Sex and Deleterious Mutations

Isabel Gordo *,1, Paulo R A Campos
PMCID: PMC2390638  PMID: 18493076

Abstract

The evolutionary advantage of sexual reproduction has been considered as one of the most pressing questions in evolutionary biology. While a pluralistic view of the evolution of sex and recombination has been suggested by some, here we take a simpler view and try to quantify the conditions under which sex can evolve given a set of minimal assumptions. Since real populations are finite and also subject to recurrent deleterious mutations, this minimal model should apply generally to all populations. We show that the maximum advantage of recombination occurs for an intermediate value of the deleterious effect of mutations. Furthermore we show that the conditions under which the biggest advantage of sex is achieved are those that produce the fastest fitness decline in the corresponding asexual population and are therefore the conditions for which Muller's ratchet has the strongest effect. We also show that the selective advantage of a modifier of the recombination rate depends on its strength. The quantification of the range of selective effects that favors recombination then leads us to suggest that, if in stressful environments the effect of deleterious mutations is enhanced, a connection between sex and stress could be expected, as it is found in several species.
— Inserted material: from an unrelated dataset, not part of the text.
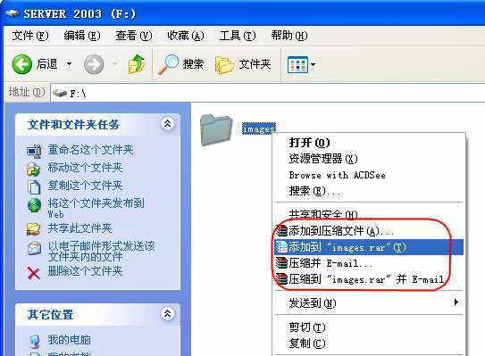 右键点击该文件夹弹出一个菜单,在上面可以看到“添加到压缩文件、添加到images.rar、压缩并E-mail、压缩到images.rar并E-mail”四个命令(图1)。

SEXUAL reproduction involves exchange of genetic information between individuals of a given species. Why this should be advantageous remains a matter of debate (Barton and Charlesworth 1998; Agrawal 2006). The number of theories to explain the prevalence of sex in the natural world has been increasing over several decades and a pluralistic view of the evolution of sex has been suggested by some (West et al. 1999). From the population genetics perspective one of the major consequences of sex and recombination is that it can break down linkage disequilibrium created in natural populations by selection and/or genetic drift (Felsenstein 1974). Linkage disequilibrium has therefore been considered the key for understanding the maintenance of sexual reproduction. Here we take a simple view and try to quantify the minimal conditions under which sex can evolve. The minimal model we study here has been the target of recent studies (Keightley and Otto 2006) and here we explore it further. It is based on the hypothesis put forward by H. J. Muller that sexual populations are more efficient at eliminating deleterious mutations and that in asexual populations a ratchet mechanism can operate (Felsenstein 1974). Muller's ratchet is the accumulation of slightly deleterious mutations in an asexual population and its continuous genetic degeneration by the stochastic loss of its best-fit individuals. The relevant evolutionary forces in question when studying the ratchet are mutation, purifying selection, and random genetic drift. Muller's ratchet is a particular case of the more general Hill–Robertson effect, which states that selection at one locus affects the efficacy of selection at other linked loci (Hill and Robertson 1966; Felsenstein 1974; Comeron et al. 2008). The key force generating negative linkage disequilibrium required for an advantage of recombination in the Hill–Robertson effect is genetic drift due to the finiteness of populations.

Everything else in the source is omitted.